Cheesy Fish Crackers Chicken Strips

Give the kids something they’ll love to eat AND make. Turn cooking into family time!


30 min

  • 4 Zabiha Halal Boneless Skinless Chicken Breasts
  • 3 cups cheesy fish crackers
  • 1 teaspoon dried oregano
  • 2 eggs, beaten
  • Salt and pepper to taste
  • Vegetable oil


  • 2 tablespoons olive oil
  • 2 cloves garlic, minced
  • 2 cups tomato sauce
  • 1 tablespoon fresh basil
  • Salt and pepper, to taste

1. Place a chicken breast between two sheets of plastic wrap or in a large plastic bag. With a mallet, pound the chicken breast flat to a thickness of approximately 1/2 inch.

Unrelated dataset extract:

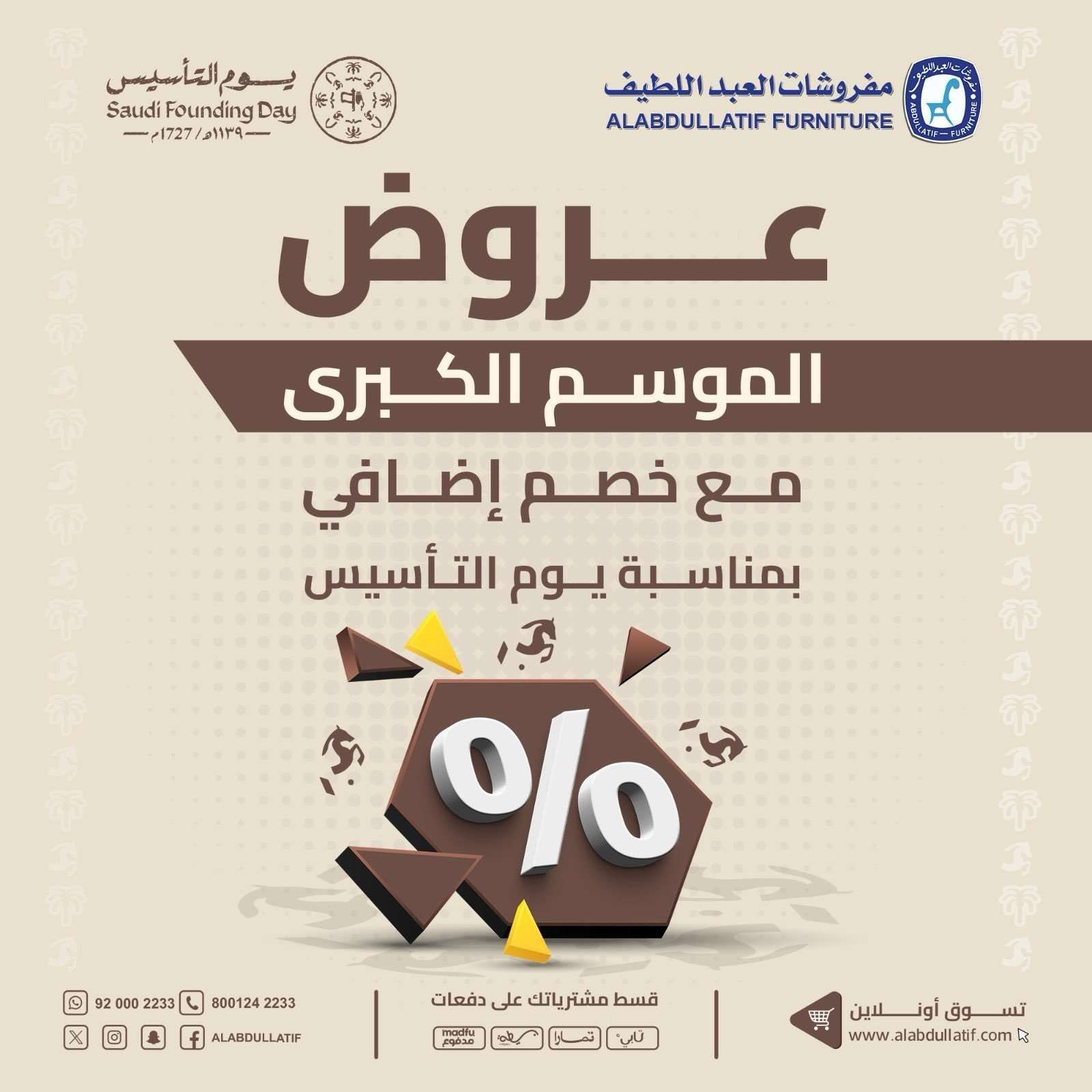عروض مفروشات العبداللطيف بمناسبة يوم التأسيس 7 فبراير 2026 منتجات متنوعة بأقوى الاسعار عروض الموسم الكبرى أحدث وأجود أنواع الأثاث المنزلي والأثاث المكتبي والسجاد الفاخر تسوق أون لاين من الموقع الالكتروني.

Repeat with remaining chicken breasts.

2. Slice each chicken breast into 4 pieces of similar size. Set aside.

3. In a plastic resealable bag, pour crackers and close bag. Using a mallet, crush crackers into coarse bread crumbs. Add oregano, salt and pepper to bag.

4. Dip chicken strips into egg to fully coat, then place in bag with crushed crackers and toss until evenly coated.

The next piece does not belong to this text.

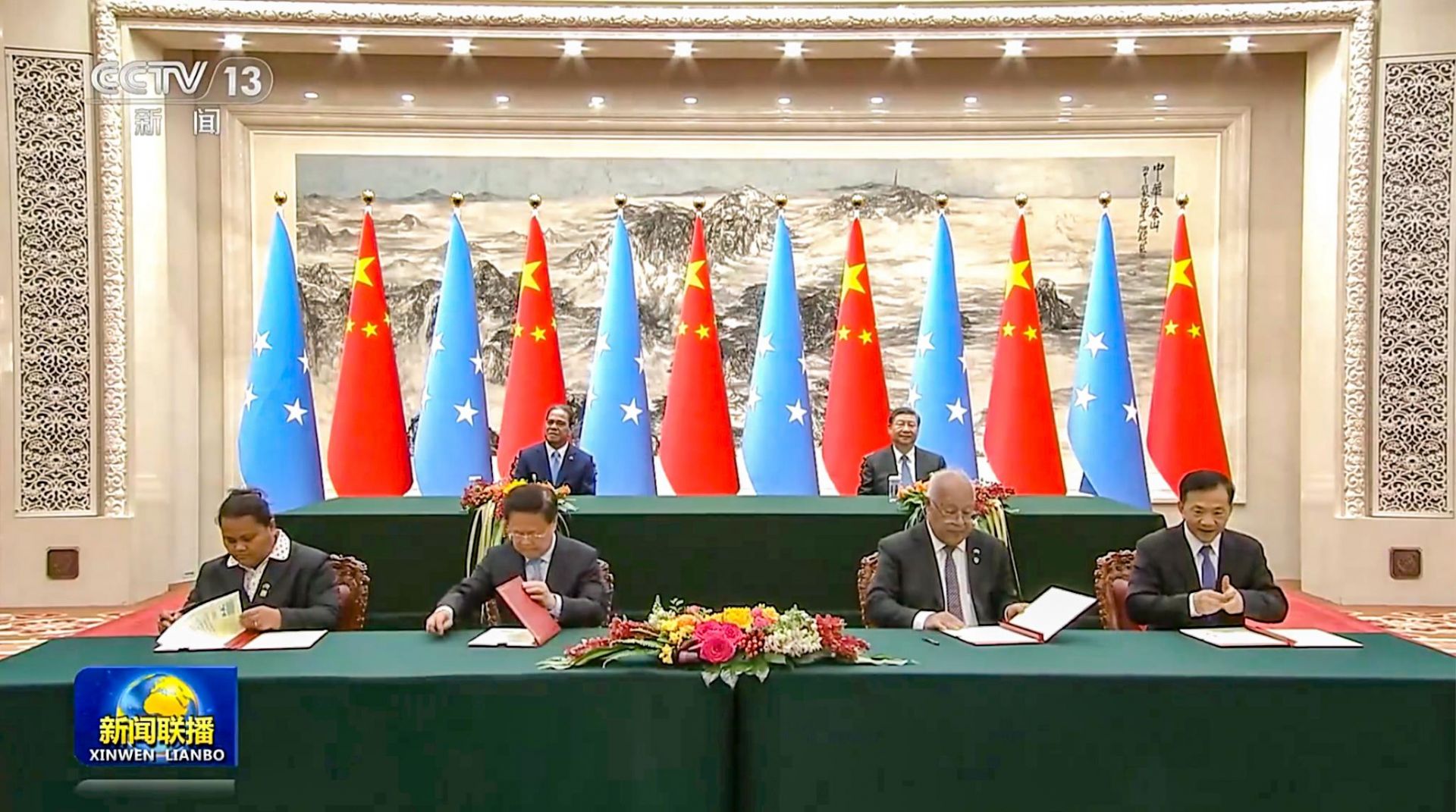4月9日,北京人民大会堂,习近平主席会见了首次来访的密克罗尼西亚联邦总统西米纳。
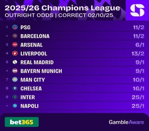 歐冠聯賽階段2輪戰罷,目前拜仁、皇馬、巴黎聖日耳曼、國際米蘭、阿森納、卡拉巴赫6支球隊保持全勝。最新奪冠賠率榜上,衛冕冠軍巴黎與剛剛成為自己手下敗將的巴薩同為6.5,領跑群雄,其後是阿森納7、利物浦7.5、皇馬10、拜仁10、曼城11、切爾西17。 不過,OPTA的測算結果與賠率不同:巴黎和巴薩都要靠後站,奪冠概率最高的是阿森納,達到18.1%,其後是利物浦14.7%、巴黎14%、曼城9.7%、拜仁9.5%、巴薩8.3%、皇馬4.9%。

5. Stovetop: In a frying pan over high heat, add enough vegetable oil to cover bottom. When oil is hot, add chicken strips (in batches if necessary) and fry 2 minutes per side. Transfer to a plate lined with paper towel. 6. Serve with Quick Tomato Sauce.

7. Oven: Preheat oven to 400°F. Place chicken pieces on a parchment lined baking sheet and lightly spray with vegetable oil. Bake for 15 to 20 minutes, turning halfway.

8. Make Quick Tomato Sauce: While chicken tenders are cooking, heat olive oil in a medium pot. Add garlic and cook 30 seconds. Pour in tomato sauce, add basil and season to taste. Simmer 5 minutes.